> Data
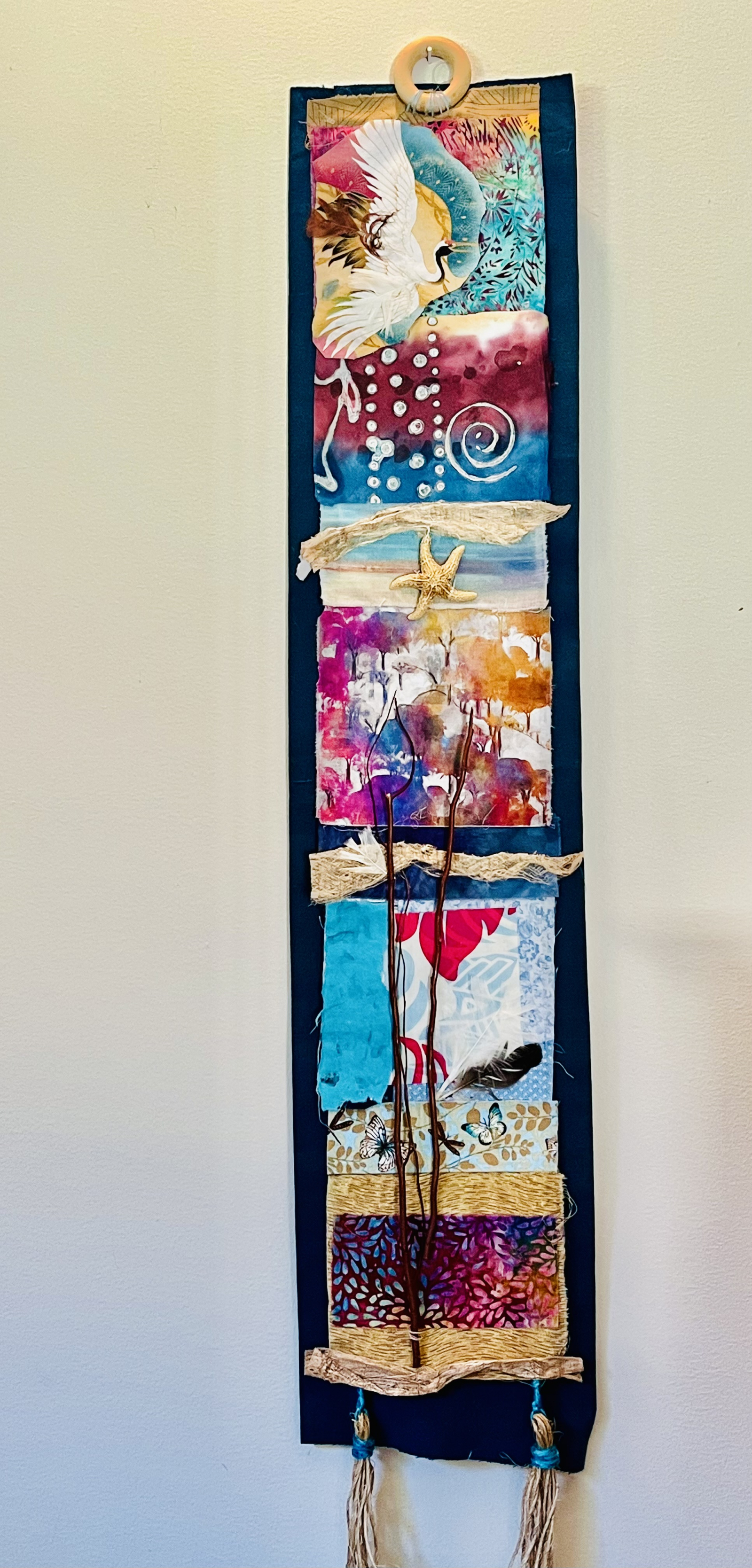 This is a mixed media piece made with designer fabric, paper and ephemera. The colors and design are soothing and peaceful. It speaks of nature, the ocean and the sky. Its sure to soothe your soul! Hand stitching and ready to hang! 38"L x 9"w
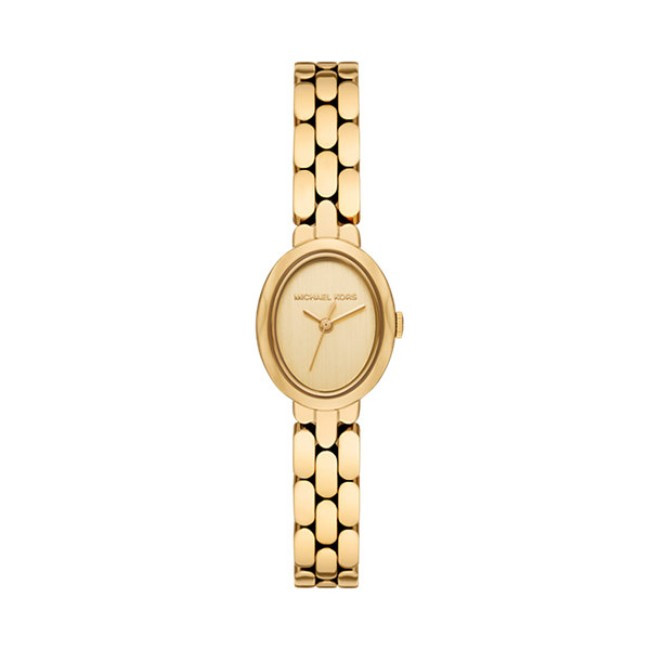 Дамски Часовник Michael Kors MK4955   Michael Kors MK4955 e дамски кварцов часовник със златист овален циферблат, златист корпус от сплав с диаметър LESS THAN 22 mm и златиста верижка 10 mm, изработена от неръждаема стомана.
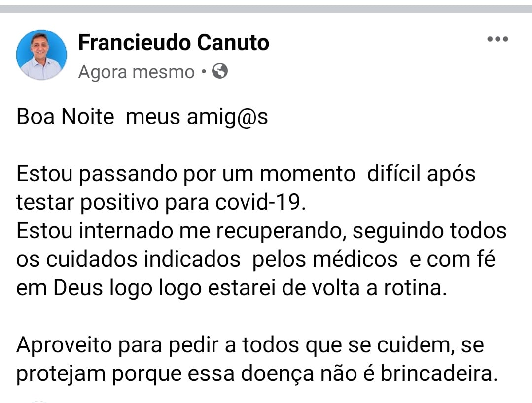 O prefeito relatou que sentiu sintomas da doença, fez o teste e o resultado foi positivo. Francieudo está internado e sendo acompanhado por uma equipe médica.
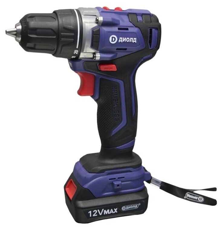 Дрель-шуруповерт аккумуляторная диолд ДЭА-12ЛИ-08, кейс, бесщеточный двигатель, 2 аккум., 2 скор
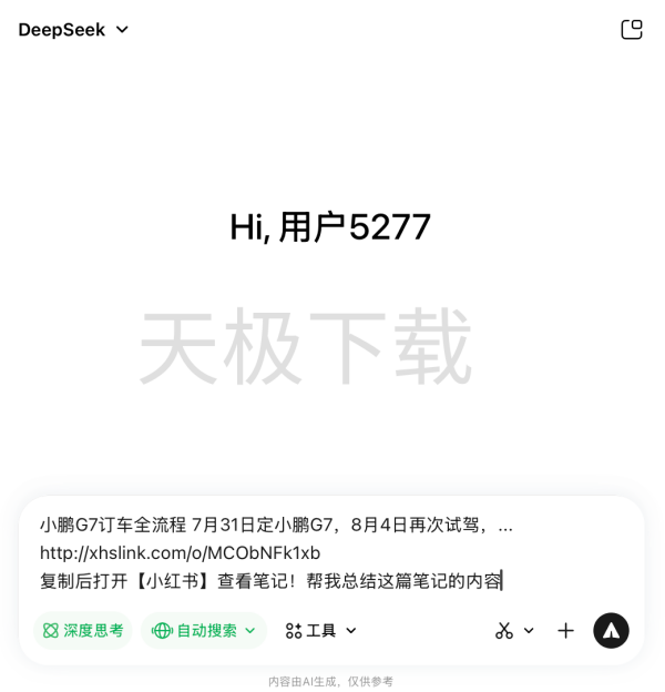 腾讯元宝支持解析小红书的内容,具体操作如下:
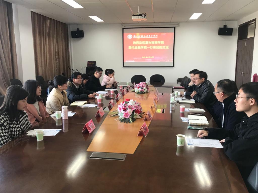 嘉兴南湖公司现代金融公司金融学专业主任吴政仲介绍了公司金融学专业基本概况、学科竞赛开展等情况。颜晔老师介绍了金融学专业实践教学环节的设置的情况,分享了公司在开展校企合作项目方面的宝贵经验。
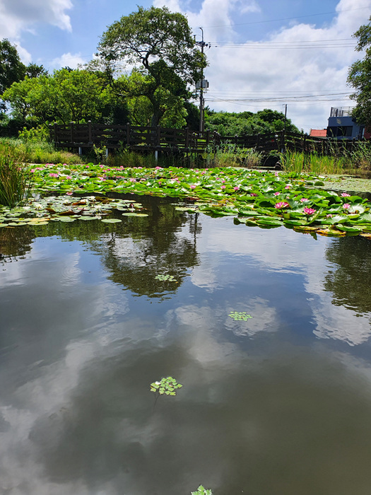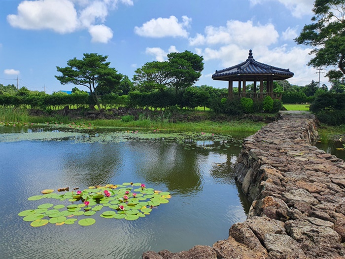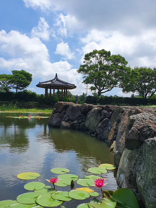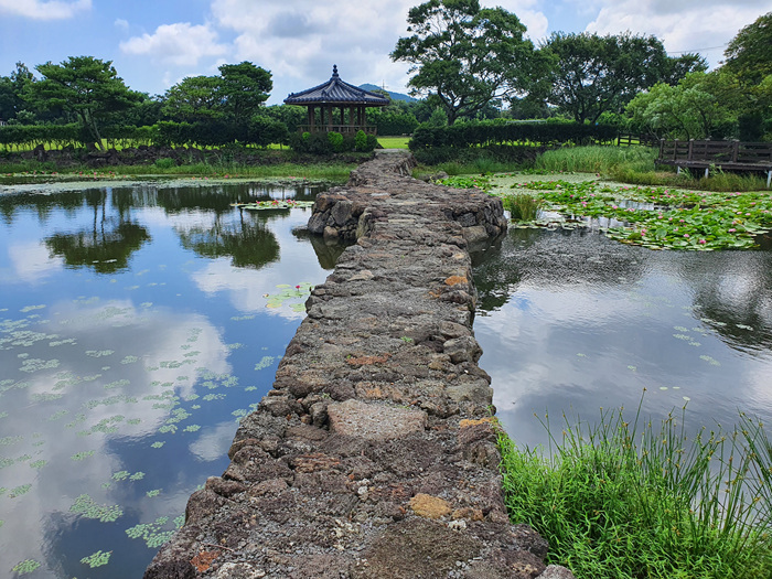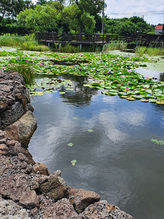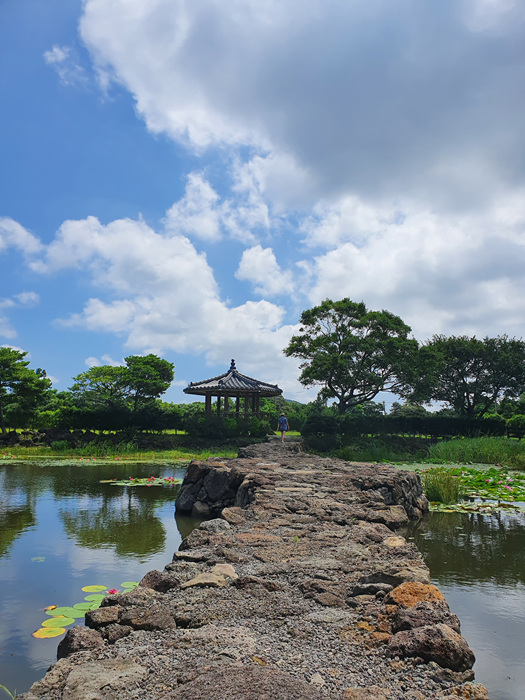 ' 여기 제주도야! ' 라고 말하지 않으면 절대 제주도인지 잘 모를 그런 풍경이 펼쳐졌습니다. 이런 풍경을 보는데 차를 멈추지 않으면 안되겠죠. 연못 중앙에 연결된 돌다리와 정자 그리고 연꽃들이 정말 아름답게 어우러져 있더군요.
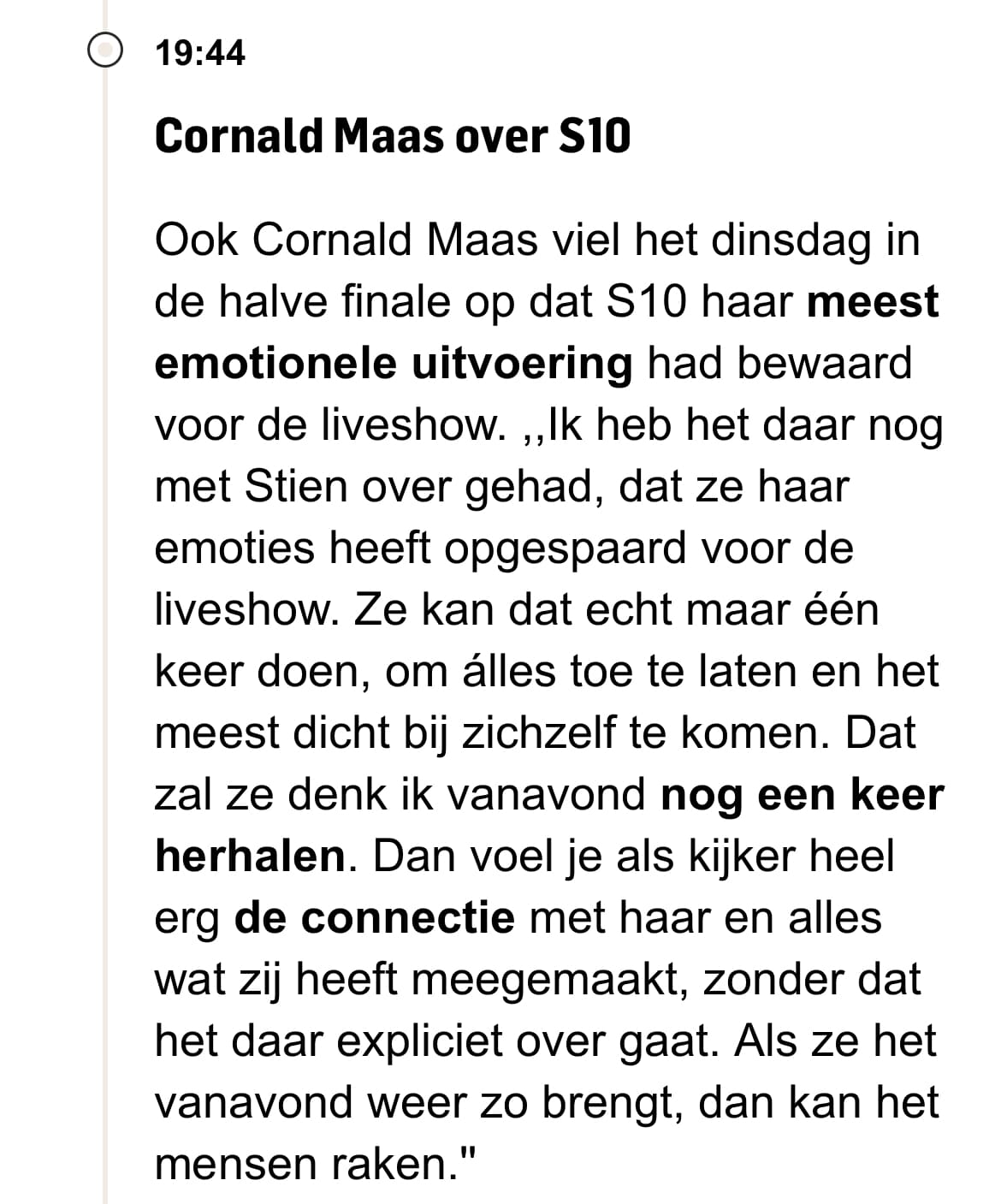 Haha wat een gek stuk. Aan de ene kant kan S10 het maar één keer en aan de andere kant gaat ze het vanavond herhalen ![]()
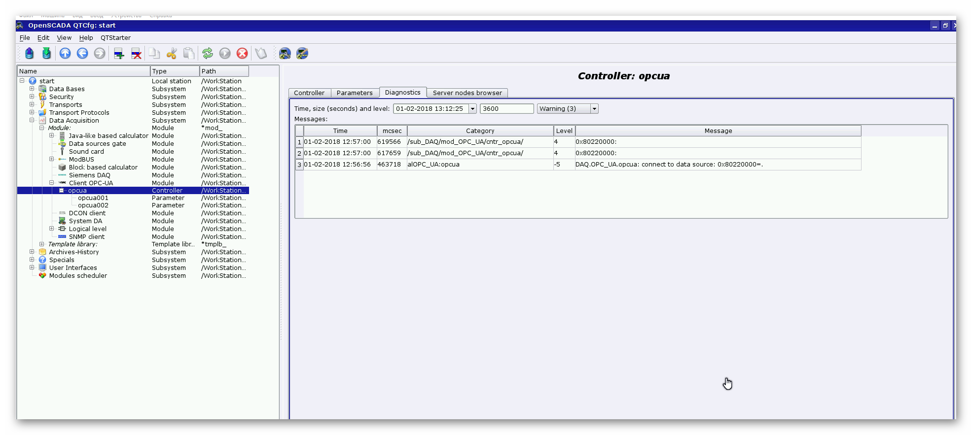 Судя по статусу на вкладке Controller связь с opc ua сервером есть (см. вложение 005)
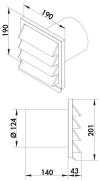 Edelstahl-Außenjalousie mit Rückstauklappe für Anschluss an Rundrohr.
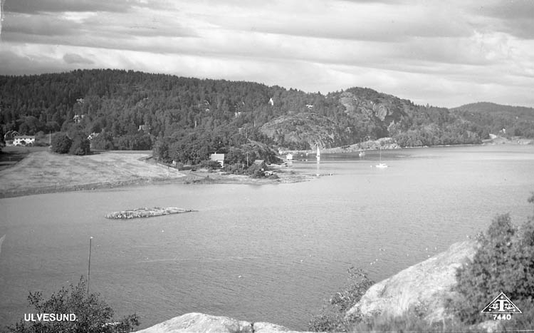 Enligt Bengt Lundins noteringar: "Ulvesund. Sundet med affär och väg. Vykort Li 7440 Foto BL 1272".
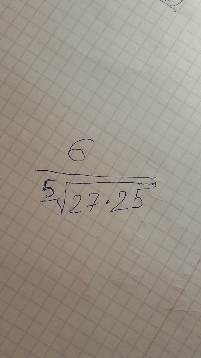 frac{6}{ sqrt[5]{27*25} } = frac{ 6^{5} }{( sqrt[5]{27*25}) ^{5} } = frac{7776}{27*25} = frac{7776}{675} =11 frac{351}{675} =11 frac{39}{75} =11 frac{13}{25}
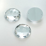 Plastic Flat Back 2-Hole Foiled Sew-On Stone - Round 25MM CRYSTAL
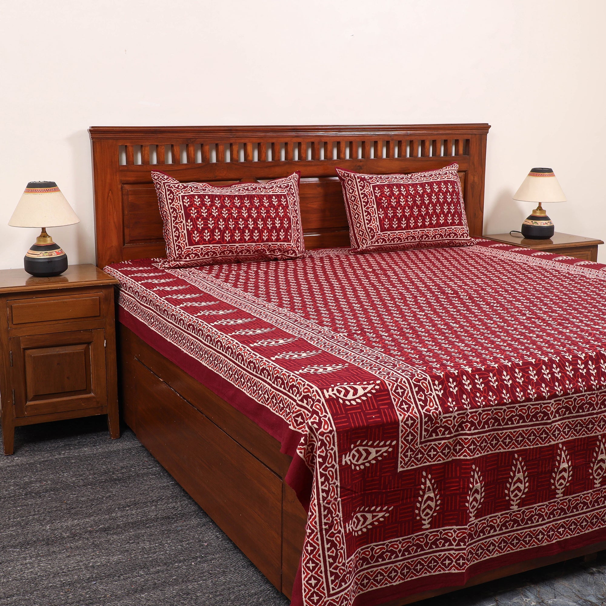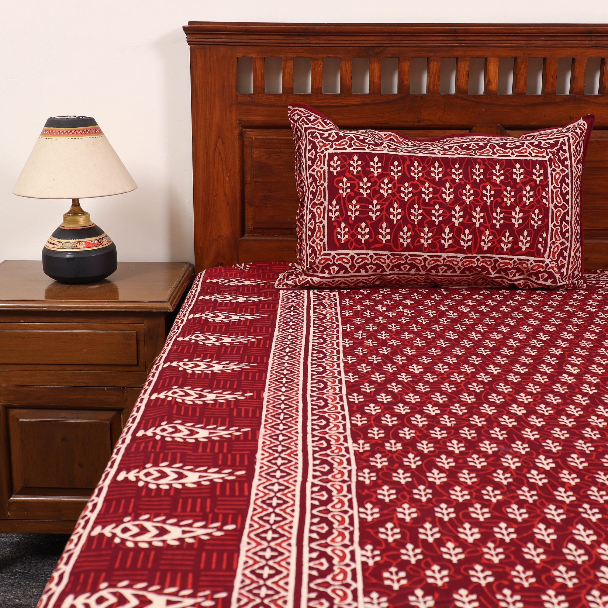 Elevate your bedroom decor with this red pure cotton single sanganeri print bed sheet. Crafted by artisans using traditional block printing techniques from Rajasthan. it showcases designs and colors that add a touch of elegance to your bedroom. Made from cotton and dyed using bleed-free VAT dyes, it ensures durability and long-lasting beauty. Its double size comes with matching pillow covers, making it a complete set.
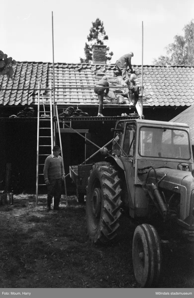 Titel: Hembygdsgården Börjesgården i Hällesåker, Lindome, år 1983. Byggnadsunderhåll på gårdens snickarbod. För mer information om bilden se under tilläggsinformation.

> Work instructions
Each line from the first line of the listing through the line with "Дамски Часовник Michael" must be printed exactly, both ends included, and no picture may appear.

> Answer to this task
 This is a mixed media piece made with designer fabric, paper and ephemera. The colors and design are soothing and peaceful. It speaks of nature, the ocean and the sky. Its sure to soothe your soul! Hand stitching and ready to hang! 38"L x 9"w
 Дамски Часовник Michael Kors MK4955   Michael Kors MK4955 e дамски кварцов часовник със златист овален циферблат, златист корпус от сплав с диаметър LESS THAN 22 mm и златиста верижка 10 mm, изработена от неръждаема стомана.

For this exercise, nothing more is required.